## What you need to do
Restate exactly the lines below, from the one containing "FREE 70cl bottle" through the final line, and leave out the pictures.
##### Material provided #####
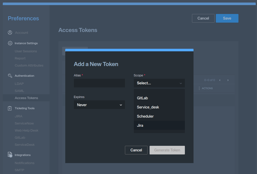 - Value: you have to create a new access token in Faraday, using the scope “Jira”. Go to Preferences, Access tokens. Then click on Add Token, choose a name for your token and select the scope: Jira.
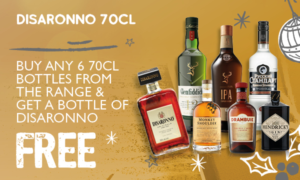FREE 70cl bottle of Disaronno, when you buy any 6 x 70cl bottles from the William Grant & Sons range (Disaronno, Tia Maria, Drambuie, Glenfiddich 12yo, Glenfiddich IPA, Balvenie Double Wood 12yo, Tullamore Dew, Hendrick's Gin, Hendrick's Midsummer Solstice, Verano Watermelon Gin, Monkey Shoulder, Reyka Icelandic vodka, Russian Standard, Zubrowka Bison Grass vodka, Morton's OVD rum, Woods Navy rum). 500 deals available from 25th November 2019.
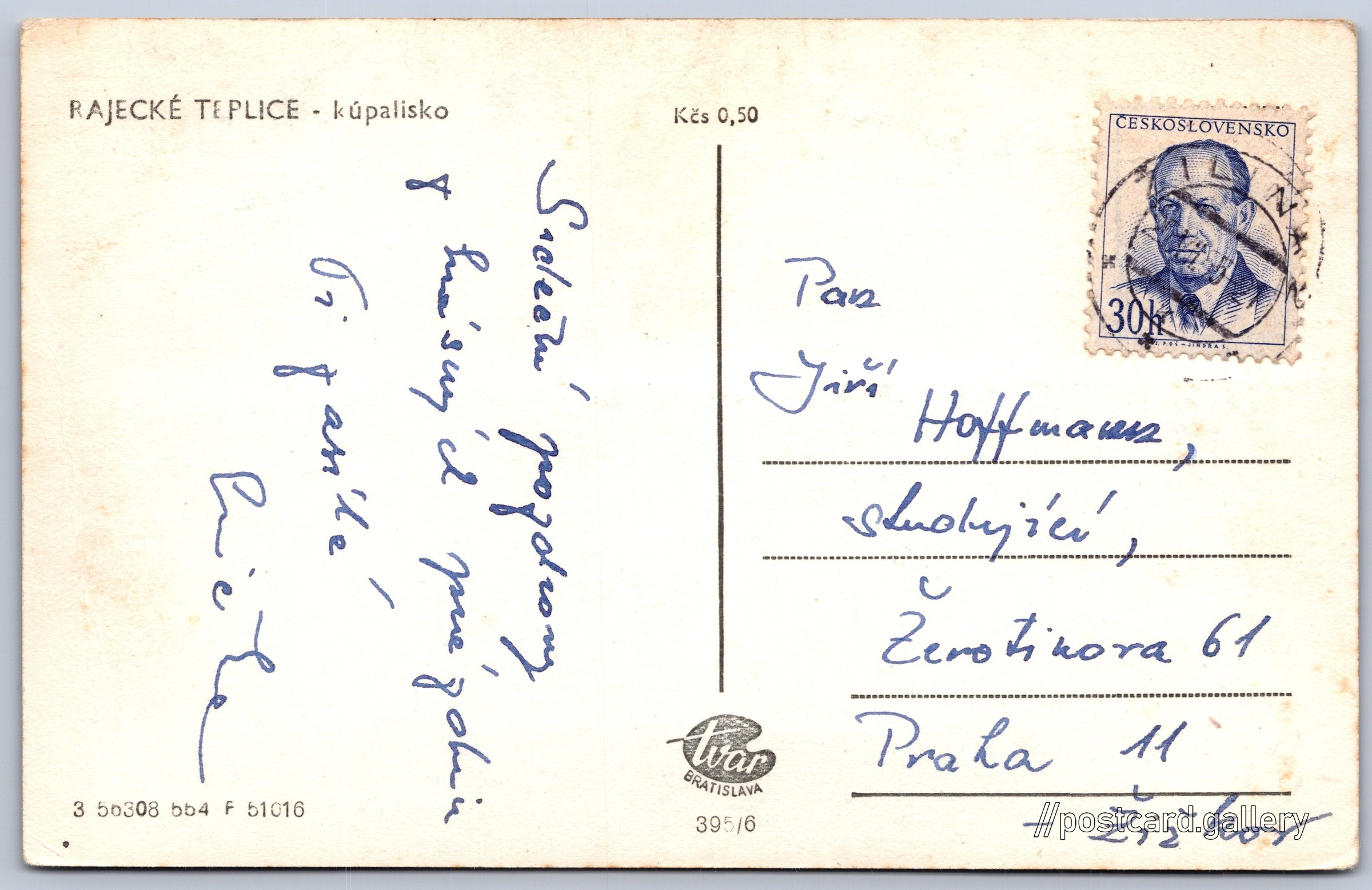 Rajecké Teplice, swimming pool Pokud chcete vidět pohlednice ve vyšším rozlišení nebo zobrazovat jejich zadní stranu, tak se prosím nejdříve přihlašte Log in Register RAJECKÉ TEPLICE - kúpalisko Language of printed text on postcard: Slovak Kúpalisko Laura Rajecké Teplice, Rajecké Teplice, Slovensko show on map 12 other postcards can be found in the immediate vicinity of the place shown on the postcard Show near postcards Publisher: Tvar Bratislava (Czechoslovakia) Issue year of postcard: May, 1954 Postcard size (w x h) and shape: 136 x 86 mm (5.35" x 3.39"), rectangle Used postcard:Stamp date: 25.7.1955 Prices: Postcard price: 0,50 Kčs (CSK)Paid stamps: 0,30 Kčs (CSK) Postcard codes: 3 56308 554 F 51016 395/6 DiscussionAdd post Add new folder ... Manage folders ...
#####
## Answer space
FREE 70cl bottle of Disaronno, when you buy any 6 x 70cl bottles from the William Grant & Sons range (Disaronno, Tia Maria, Drambuie, Glenfiddich 12yo, Glenfiddich IPA, Balvenie Double Wood 12yo, Tullamore Dew, Hendrick's Gin, Hendrick's Midsummer Solstice, Verano Watermelon Gin, Monkey Shoulder, Reyka Icelandic vodka, Russian Standard, Zubrowka Bison Grass vodka, Morton's OVD rum, Woods Navy rum). 500 deals available from 25th November 2019.
 Rajecké Teplice, swimming pool Pokud chcete vidět pohlednice ve vyšším rozlišení nebo zobrazovat jejich zadní stranu, tak se prosím nejdříve přihlašte Log in Register RAJECKÉ TEPLICE - kúpalisko Language of printed text on postcard: Slovak Kúpalisko Laura Rajecké Teplice, Rajecké Teplice, Slovensko show on map 12 other postcards can be found in the immediate vicinity of the place shown on the postcard Show near postcards Publisher: Tvar Bratislava (Czechoslovakia) Issue year of postcard: May, 1954 Postcard size (w x h) and shape: 136 x 86 mm (5.35" x 3.39"), rectangle Used postcard:Stamp date: 25.7.1955 Prices: Postcard price: 0,50 Kčs (CSK)Paid stamps: 0,30 Kčs (CSK) Postcard codes: 3 56308 554 F 51016 395/6 DiscussionAdd post Add new folder ... Manage folders ...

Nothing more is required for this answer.